Now while we might want to distinguish between the rich and their riches, could it be that even in their consumption, conspicuous or otherwise, the rich are contributing to a rising tide that lifts all boats? Wesley Gant makes that related case over at Values & Capitalism: “Is It Possible to Waste Money?”

Gant seems to conclude that it isn’t possible to “waste” wealth. “Humans do not consume resources; they create and exchange them,” he says.

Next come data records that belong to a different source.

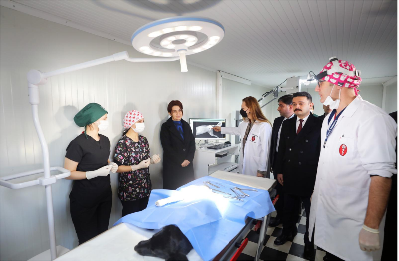
Kiraz Veteriner Fakültesi Konteyner Laboratuvar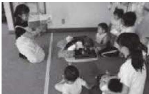
富合地区はつらつ委員会 桃子野子育てサロン

市民の皆さまから寄付いただいた共同募金は地域の福祉活動やボランティア活動等の財源として役立てられます。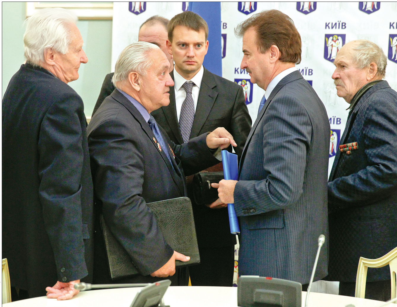
Під час круглого столу активісти ветеранських організацій столиці спілкувалися з головою КМДА Олександром Поповим та обговорили програму святкування ювілейної дати — 70-річчя визволення Києва від фашистських загарбників

Майже 70 років тому, 6 листопада, Київ героїчними зусиллями був звільнений від німецько-фашистських окупантів. Наразі влада готується відзначити цю непересічну для столиці дату та вже підготувала цікаву і різноманітну програму. Тематичні заходи охоплюють усі райони міста, і жоден ветеран не залишиться поза увагою. Подбають і про матеріальну підтримку визволителів столиці — виплати ветерани отримають не лише зі скарбниці міста, а й з позабюджетного фонду.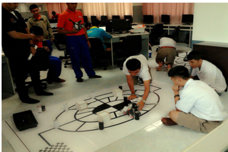
จัดการเรียนการสอนด้านนวัตกรรม ห้องเรียนหุ่นยนต์อัจฉริยะ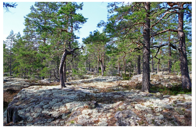
Gles tallskog med kala berghällar på reservatets högsta punkt vid norra delen.

Tallvitmossa , Sphagnum capillifolium , är vanlig i hållmarkstallskog och i sumpskog, myrmarker och klippbranter. Känns igen på sina stora täta svällande tuvor i röda, gröna och rosa nyanser. På Svartjärnsberget finns den på många ställen invid tallar i skrevor mellan stenblock och i gropar på hållmarken. Kuddarna och tuvorna med mossan ser mjuka och inbjudande ut att sätta sig och vila på, men då mossan innehåller mycket vatten blir man blöt i rumpan.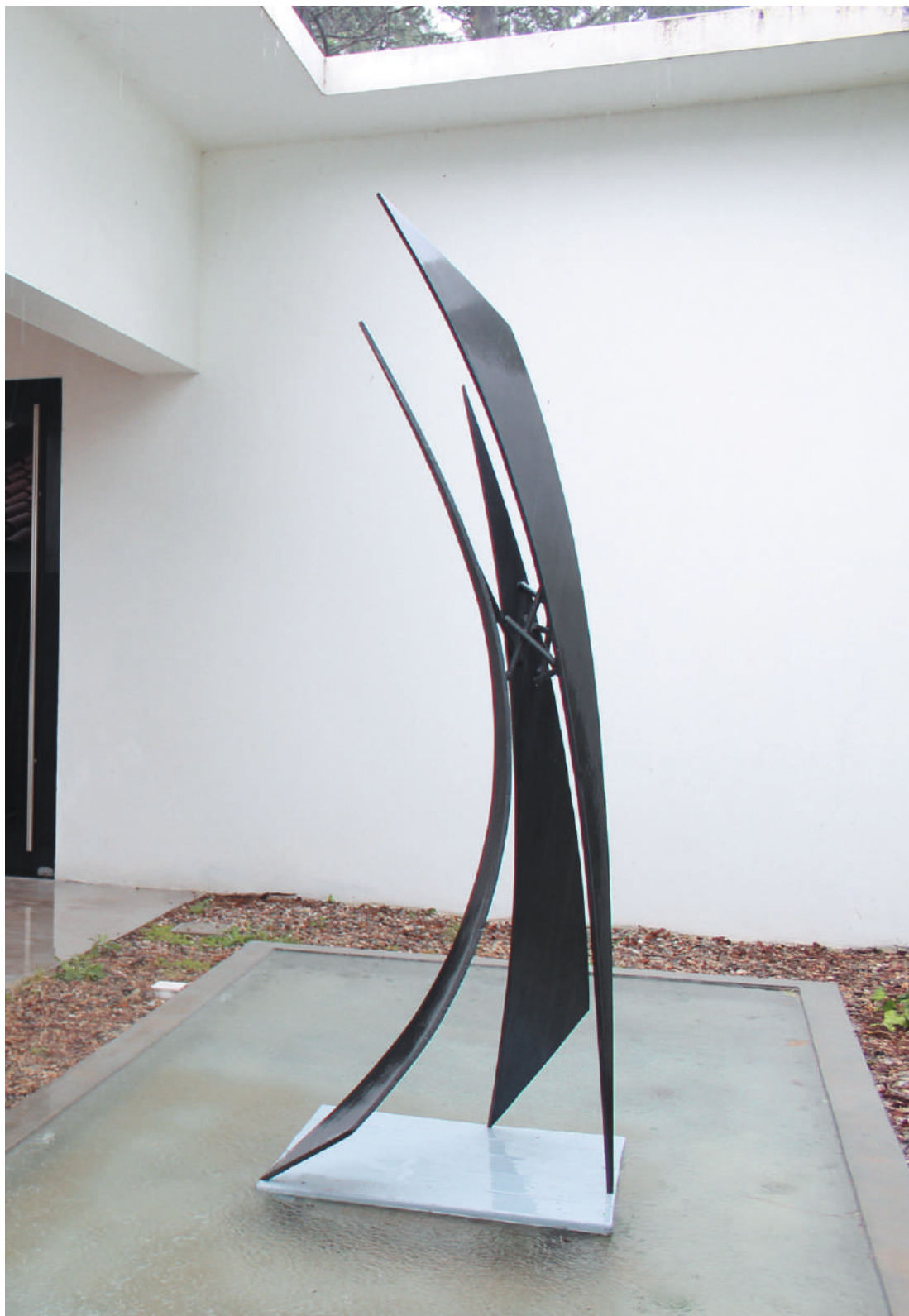
Destructura, acero / steel, 2.40 x 1.40 x 1.30 m. Centro Cultural Kavlin, Punta del Este, Uruguay, 2014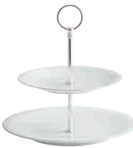
Centuries Étagère tiered stand 2 pcs. 21,5 cm / 28,5 cm Art. Nr. 35 7728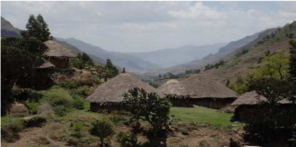
ምስል 1.17 በከፍተኛ አካባቢ የሚታይ የሕዝብ አሰፋፈር

የሕዝብ አሰፋፈር በሁሉም አካባቢዎች ተመሳሳይ አይደለም። በአንዳንድ ቦታዎች ሕዝብ ተጠጋግቶ ይኖራል። በሌሎች ቦታዎች ደግሞ ተበታትኖ ይኖራል። የምጣኔ ሀብት እንቅስቃሴም እንደዚሁ ከቦታ ወደ ቦታ የተለያየ ነው። በአንዳንድ አካባቢዎች በእርሻ ላይ የተመሠረተ አኗኗር ሲታይ በሌሎች ደግሞ በከብት አርቢነት ላይ የተመሠረተ ይሆናል። የእነዚህ ልዩነቶች መንስኤ ምንድን ነው?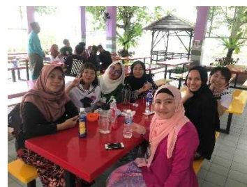
マレーシア海外研修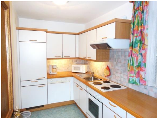
KÜCHE: Geschirrspüler, Kaffeemaschine, Mikrowellenherd, Toaster, Kühlschrank, Bestecke, Geschirr usw.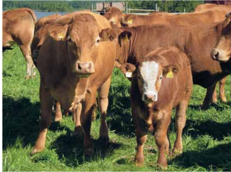
Limousinen käyttö liharotusiemennyksissä on perusteltua hyvän kasvutuloksen ja luokittumisen vuoksi.

Koska MAILI-hankkeessa toteutetun kasvatuskokeen perusteella rehujen syönnissä ei ole merkittäviä eroja rotuyhdistelmien välillä, saadut erot teurastilityksessä kuvaavat hyvin rotujen välistä taloudellista eroa loppukasvattajan kannalta.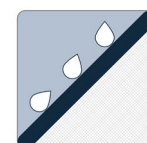
PROTECTION CONTRE L'ÉROSION

Le géotextile MIRAFI MD FW500 est composé de fils de polypropylène monofilament et fibrillés à haute ténacité, qui sont tissés en un réseau stable de sorte que les fils conservent leur position relative. Le géotextile MIRAFI FW500 est inerte à la dégradation biologique et résiste aux produits chimiques, aux alcalis et aux acides présents dans la nature.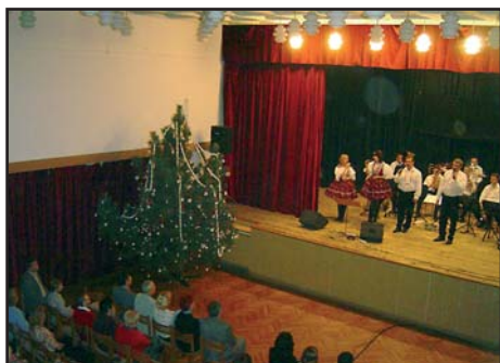
1.12. Vánoční koncert Stříbrňanky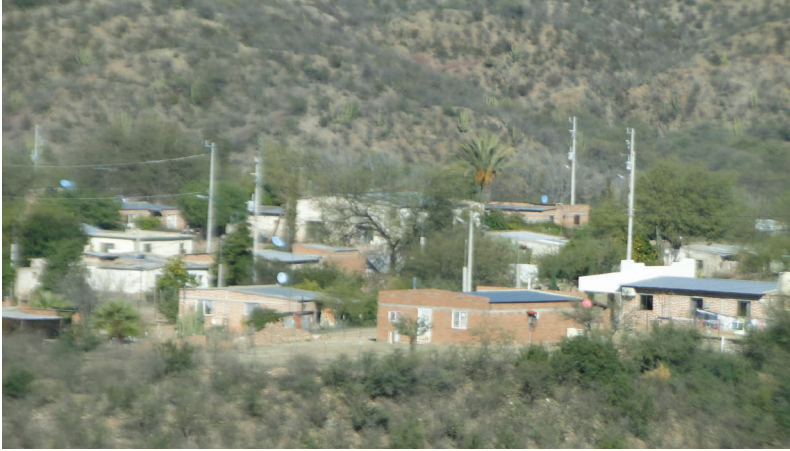
Hacia lo lejos se observa el caserío de Tuape, 202

Este Real de minas tenía algunas en explotación situado en una meseta alta en lugar estratégico en estos sitios. Los apaches, janos y otras tribus merodeaban destruían y robaban las siembras; y en este lugar donde siempre hay agua en arroyos y nacimientos, indispensable para el proceso de los metales, situados en todos esos cerros, encontramos muchos terreros, túneles, y las pilas que usaban en esos menesteres para lavar los metales.

One might argue, however, as John Mueller does, that humans create and exchange things, but that they also consume and distribute them. It’s a truncated and reductionist economism that doesn’t do justice to that fuller picture. A basic problem with this kind of view is that it cannot distinguish between types of consumption. Maybe we need “ethics” rather than “economics” proper to do so, but that just goes to show the limitations of the economic way of thinking.

On Gant’s account, it would seem that there is no such thing as bad stewardship. Now it may be that consumption of luxuries is not always bad, or that such consumption often does have some redeeming virtues. But is it the case that such reasoning can justify any exchange or consumption? (As long as it doesn’t involve the government, of course!)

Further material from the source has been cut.